Prior to investing in CFDs, you should check the firm’s regulatory status and carefully consider the high risks associated with trading these products, especially if you have been actively contacted by a firm or its introducers.
You should check:
- You fully understand the protections FCA rules provide retail consumers you would lose if you chose to ‘opt up’ to professional client status (see July 2019 Press Release mentioned below for details);
- Our Unauthorised firms and individuals web page, where you can search for names on our Warning List.
- the Financial Services Register, where you can check whether a firm is FCA-authorised. (Please note that all firms on our Register with the status ‘Applied to cancel’ and EEA firms in ‘Supervised run-off’ should not be taking on new UK clients.)
You should be alert to the possibility of overseas firms using very similar names to UK firms on our register and/or sharing common trading names. You should check a firm's Terms & Conditions to establish the actual entity you will be contracting with and where it is incorporated. You should carefully consider the protections you may lose when dealing with an overseas firm.

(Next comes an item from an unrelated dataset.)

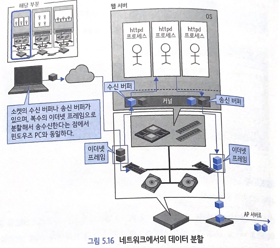 - 웹 브라우저가 송신하는 경우 소켓의 송신 버퍼를 사용하는데, 이 버퍼가 차면 OS에 의해 TCP 세그먼트라는 상자로 분할되고, TCP 헤더, IP 헤더, MAC 헤더라는 편지 수신자 같은 정보를 붙여서 이더넷 프레임이라는 상자에 넣어 전송한다

Even if you will be/are dealing with an FCA-authorised firm, you should still be alert to additional risks with some firms. If you have any uncertainty, we recommend you review:
- the ‘Dealing with problem firms’ section of our Dear Portfolio letter, which contains more detail of our concerns in relation to scam/churn activities, circumvention of our rules and firms’ inappropriate use of introducers; and
- our Protect yourself from scams web page, noting this includes a warning that consumers that have invested in a scam may be targeted again by scammers offering to get your money back.
If your concerns persist, we ask that you report them to us. Options as to how to do so are available on our Contact us web page.
Significant past communications to the CFD portfolio
On 1 July 2019, we released a Press Release and Policy Statement PS19/18 setting out final rules for CFDs as set out in our handbook at COBS 22.5. These require firms that offer CFDs and CFD-like options to retail consumers to:
- limit leverage to between 30:1 and 2:1 depending on the underlying asset;
- close out a customer’s position when their funds fall to 50% of the margin needed to maintain them;
- provide protections that guarantee a client cannot lose more than the total funds in their account;
- stop offering current and potential retail customers cash or other inducements; and
- provide a standardised risk warning, telling potential customers the percentage of the firm’s retail client accounts that make losses
On 10 January 2018, we published a ‘Dear CEO’ letter following a project designed to assess whether contract for difference (CFD) providers and distributors delivered CFDs to the intended target market, paid due regard to the interests of customers and treated them fairly.
The findings suggested that CFD providers and distributors might be failing to conduct their activities in accordance with our Principles for Businesses, the Client’s best interests rule (COBS 2.1.1R) and SYSC.
On 2 February 2016, we published a ‘Dear CEO’ letter following a review that assessed client take-on at ten firms offering CFD products. Our review found some firms did not assess appropriateness and warn clients for whom CFDs were not appropriate and that some firms did not have adequate anti-money laundering systems and controls.